EXERCISE DETAILS
Repeat the records below exactly, from the first line through the line containing "Rond het middaguur", and leave out any pictures.
Content starts
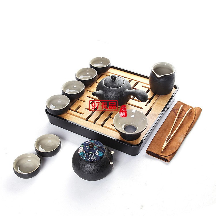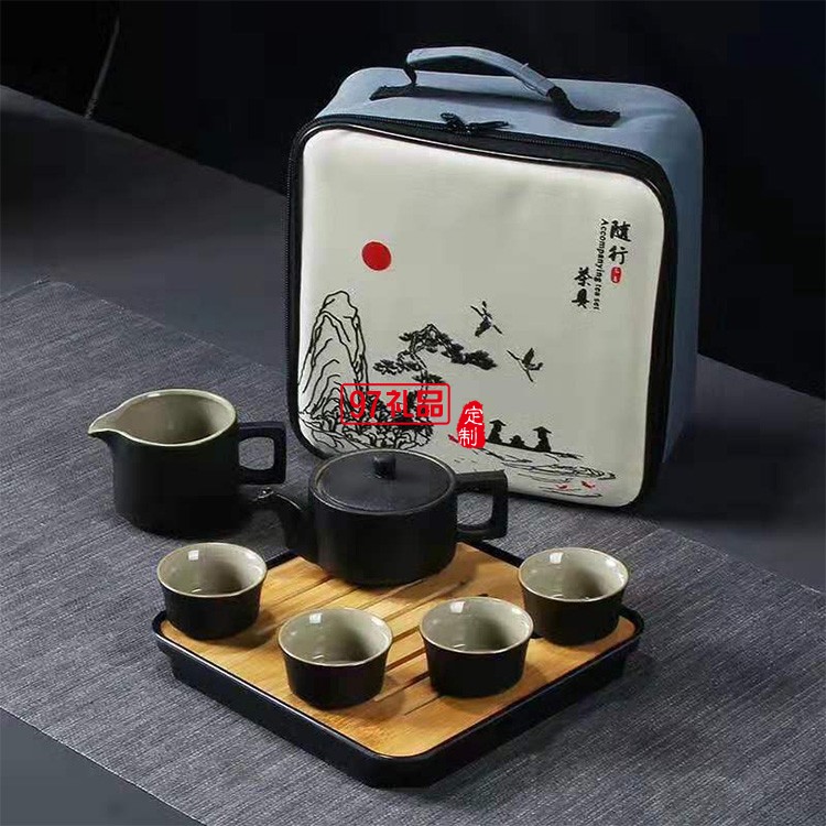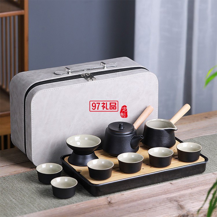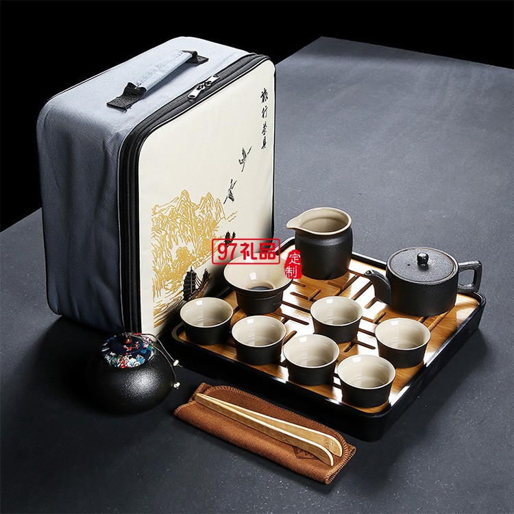 年會喜慶旅行功夫茶具套裝黑陶陶瓷公司商務員工禮品雕刻logo送禮
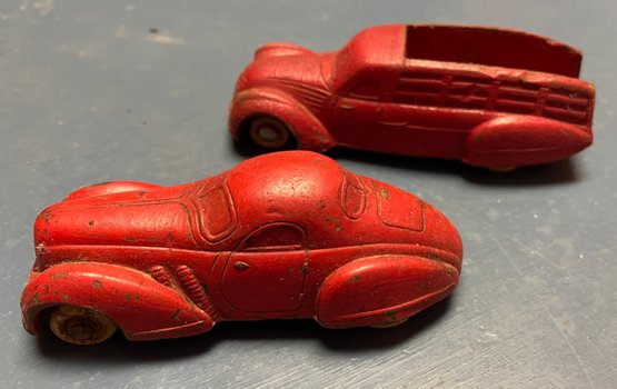 These two rubber cars are great survivors. Check condition in photos - they are very good for their age.
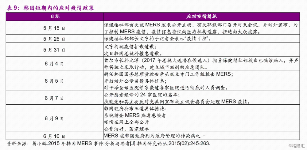 与此同时,由于韩国政府前期隐瞒病情,造成疫情扩散,后公开道歉,并采取透明、隔离、诊治等一系列政策,如表9所示。
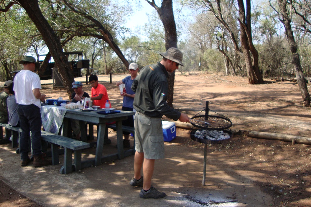 Rond het middaguur maakt onze ranger een braai, een barbeque lunch, klaar op een veilige plek.
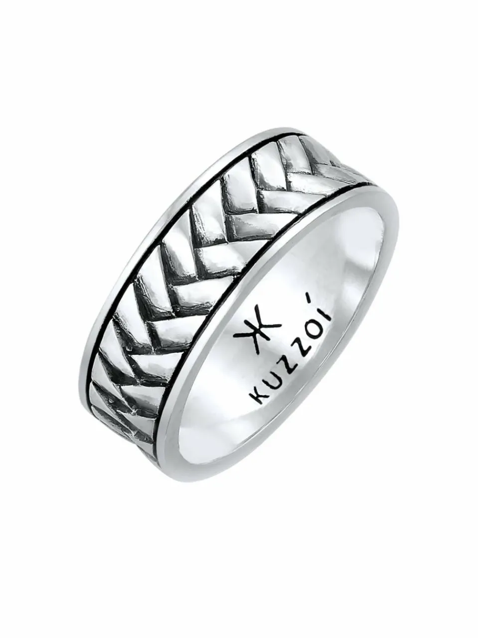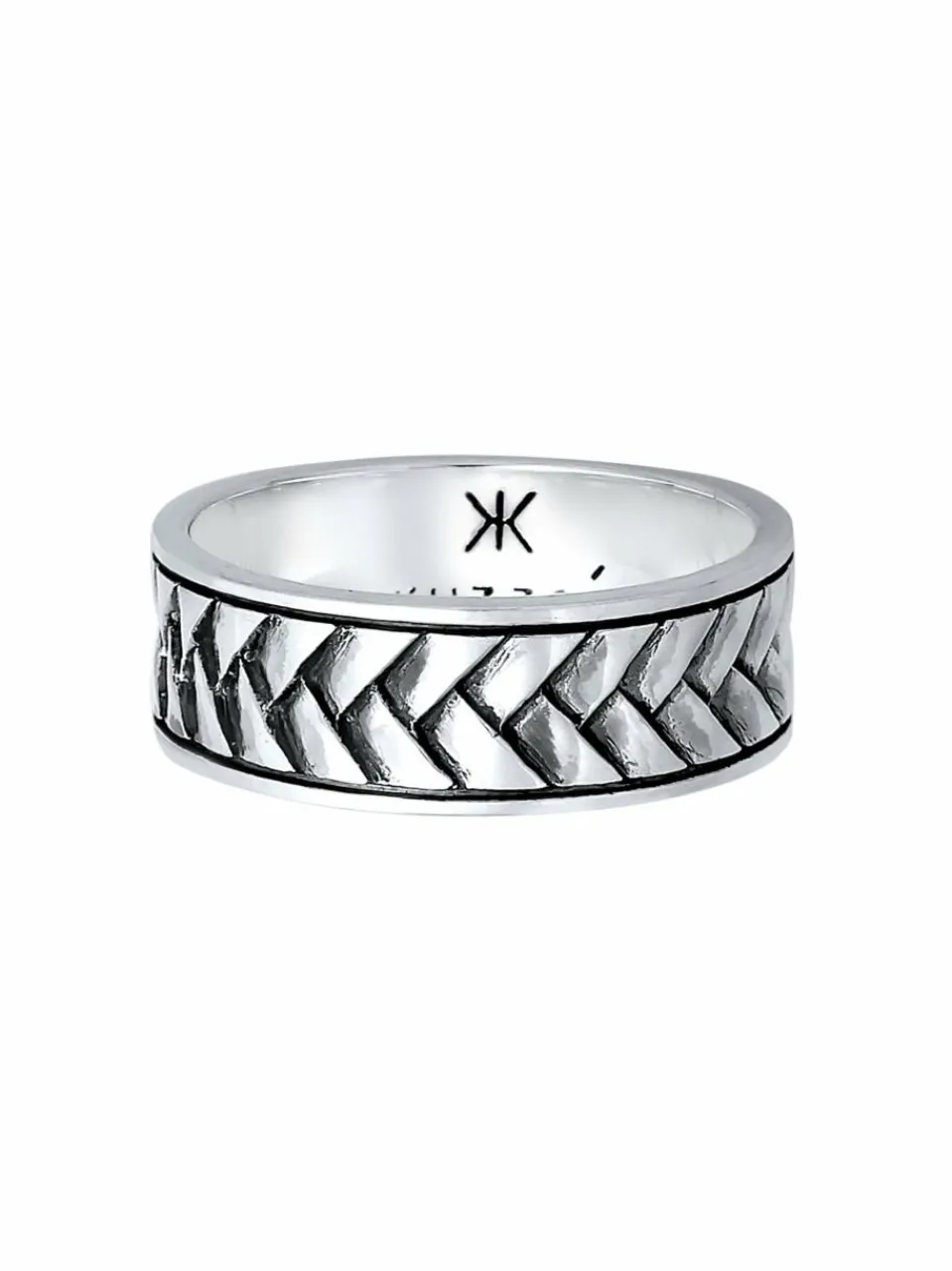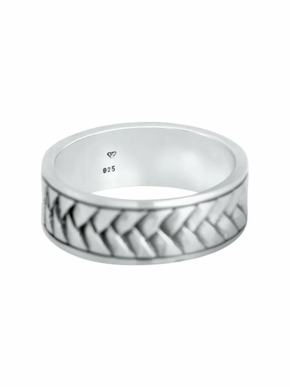 Dieser massive Herren Ring, unterstreicht den lässig legeren Look. Der geradlinig geformte Bandring ist mit einer Struktur die einer Fischgräte ähnelt verziert. Die teilweise geschwärzte Oberfläche setzt gezielt Akzente. Ein markantes Schmuckstück im als täglicher Begleiter, das den persönlichen Look eines Mannes optimal unterstreicht.
Content ends
RESULT OF THIS EXERCISE
 年會喜慶旅行功夫茶具套裝黑陶陶瓷公司商務員工禮品雕刻logo送禮
 These two rubber cars are great survivors. Check condition in photos - they are very good for their age.
 与此同时,由于韩国政府前期隐瞒病情,造成疫情扩散,后公开道歉,并采取透明、隔离、诊治等一系列政策,如表9所示。
 Rond het middaguur maakt onze ranger een braai, een barbeque lunch, klaar op een veilige plek.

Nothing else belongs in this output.